Kritik Akal Islam Menurut Mohammed Arkoun

By | 07/06/2010

Tulisan tentang: Kritik Akal Islam Menurut Mohammed Arkoun

Latar Belakang Tokoh

Mohammed Arkoun lahir pada 1 Februari 1928 di Tourirt-Mimoun, kabilia, Aljazair. Kabilia merupakan daerah pegunungan berpenduduk Berber, terletak disebelah timur Aljir. Berber adalah penduduk yang tersebar di Afrika bagian utara. Bahasa yang dipakai adalah bahasa non-Arab (‘ajamiyah).
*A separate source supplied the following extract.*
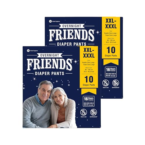 Friends Overnight Adult Diapers Pants Style - 20 Count (Double Extra Large) with odour lock, Unisex, Leakproof, Elastic Waist and Anti-Bacterial Absorbent Core - Waist Size 34-65 Inch; 86-165 cm

Setelah Aljazair ditaklukan bangsa Arab pada tahun 682, pada masa kekhalifahan Yazid bin Muawiyah, Dinasti Umayah, banyak penduduknya yang memeluk Islam. Bahkan diantara mereka banyak yang ikut dalam berbagai pembebasan Islam, seperti pembebasan Spanyol bersama Toriq Bin Ziyad.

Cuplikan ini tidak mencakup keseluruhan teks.